McCarthy (24) is taking nothing for granted, though. The final crew selection for the Olympics won’t be made until the summer, but he’s in pole position now and in control of his own destiny. With Gary O’Donovan waiting in the wings, the pressure is on to produce the goods in the Irish double.

‘To avoid any further trials down the line it would be good to solidify the boat with some good performances over the next few regattas so that there won’t be any questions, whereas if the results aren’t great it could lead to a different conversation. We want to put in good performances and solidify our positions,’ explains McCarthy, days out from the European Rowing Championships in Italy.

This will be the first regatta since the 2019 World Rowing Championships in Austria that McCarthy and Paul O’Donovan have raced together in the Irish lightweight men’s double. There, they blew the opposition away to win World gold in just their second regatta together in the boat. Their performance in the final was spectacular as they surged from sixth place after 500 metres to destroy the field. So, the potential for fireworks in the weeks and months is huge.

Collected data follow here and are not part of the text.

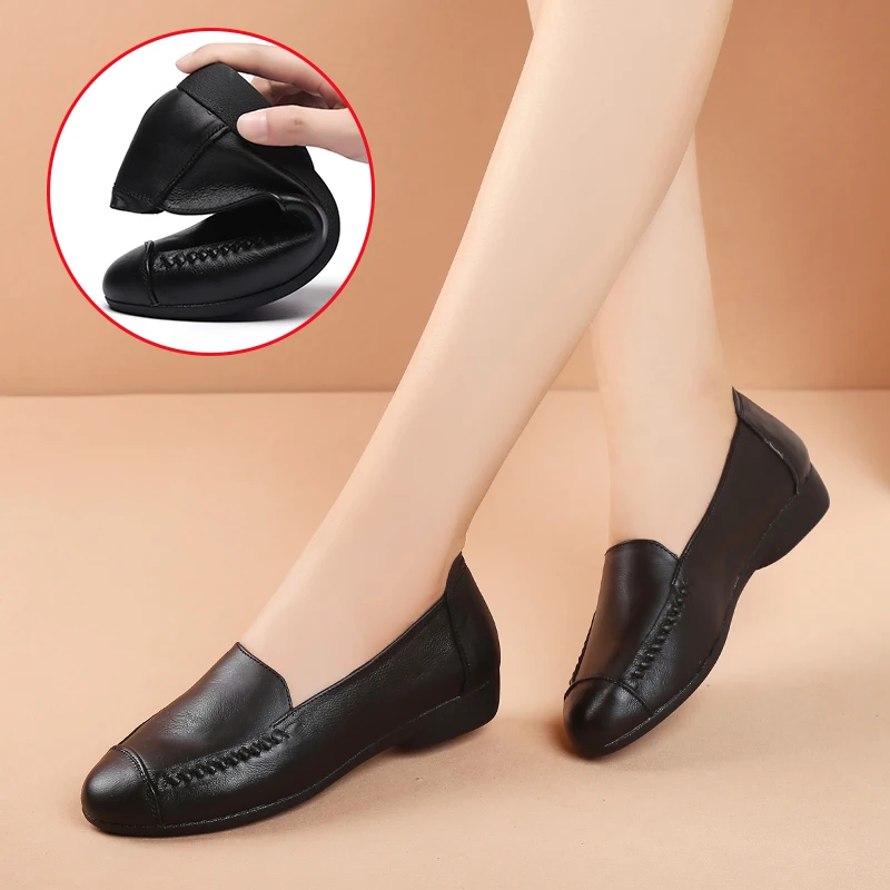 Женские Летние слипоны из натуральной кожи с круглым носком, Размеры 35-41
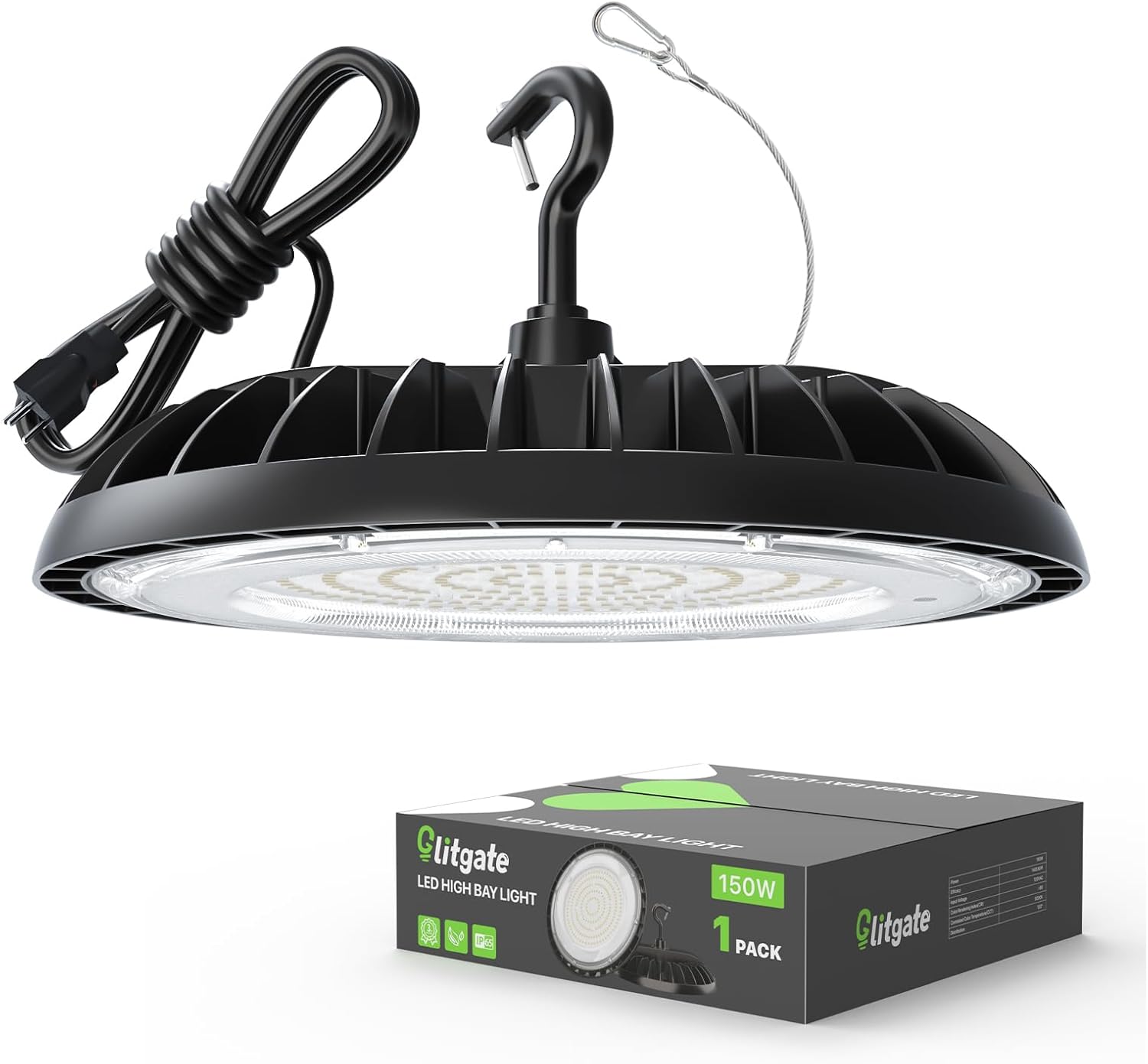 LED High Bay Light 150W, 21000lm 5000K UFO Led High Bay Light(600W MH/HPS Equiv.), Commercial Bay Lighting with 5ft Cable US Plug for Garage Shop Barn Warehouse
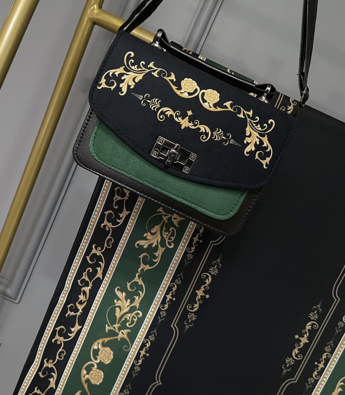جنس کیف ترکیبی از پارچه مخمل و چرم صنعتی همراه با بند دوشی
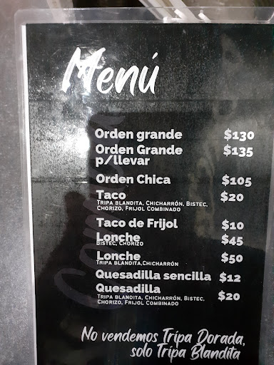 Read moreLa mera verdad he probado tripas en muchos lugares que también salen en tiktok y todo el rollo pero en verdad estás tripitas son la mera sabrosura !! El lugar para empezar super cómodo nada apretado como algunos otros lugares o sentados en la calle , los meseros y toda la gente que trabaja ahí super atentos en todo momento . Dejando en claro que aquí solo venden su tripita blandita, para ser honestos no me sentí seguro de querer comerla por qué me agrada algo doraditas pero pues corrí el riesgo . Y vaya sorpresa me lleve unas tripitas super blanditas , con un sabor delicioso su salsita y su chile son unos de sus protagonista en cuanto a sabor, pero el mejor toque es ese chicharronsito que le ponen a tu orden ... Wooo un toque delicioso haciendo una combinación de textura y sabor fue algo verdaderamente delicioso tiene que probarlas . Solo comimos tripitas pero tiene de algunos otros , si van no dejen de probar sus tripitas garantía de satisfacción! Precio $380 por pareja...

O’Donovan is the four-time world champion rated, at just 26 years old, as the greatest Irish rower ever, while McCarthy brings an enthusiasm and new dimension to the boat that had been owned by the O’Donovan brothers since 2015. It takes a special rower to break up the Olympic medal winning partnership of Gary and Paul, but step forward Fintan.

When the O’Donovan brothers brought Ireland to a standstill on Friday, August 12th, 2016 as they won the country’s first-ever Olympic rowing medals, Fintan, then 19 years old, watched the final in The Paragon Bar in Skibbereen town. Now, he’s in that same boat that will travel to Tokyo as a real medal prospect. But there are a lot of strokes to pull before then, starting at the Europeans.

‘This will be a regatta to see where we are at this stage of our preparation, and we can build from there then,’ McCarthy explains.

‘We know ourselves how fast we are going compared to how fast we have gone before. It will be good to get a gauge of how fast everyone else is compared to that. We don’t know what other countries are up to because we haven’t raced any of them since 2019.

‘We will see then what we can do over the next few months to get even faster.’

McCarthy and the Rowing Ireland team left these shores on Monday ahead of the Europeans and they won’t be home again until after World Cup II in Lucerne in mid May because they’re staying in Italy for a training camp.

‘We will have the regatta to see where we are at, then a good block of training before the next regatta to make some improvements and that will be our last test before the Olympics,’ McCarthy explains.

‘At this stage you would want to be getting the most out of every day.’

McCarthy knows too that there is a just-in-case trial scheduled for after World Cup II, but if McCarthy and Paul O’Donovan produce the goods there will be no need. The journey starts in Varese this weekend.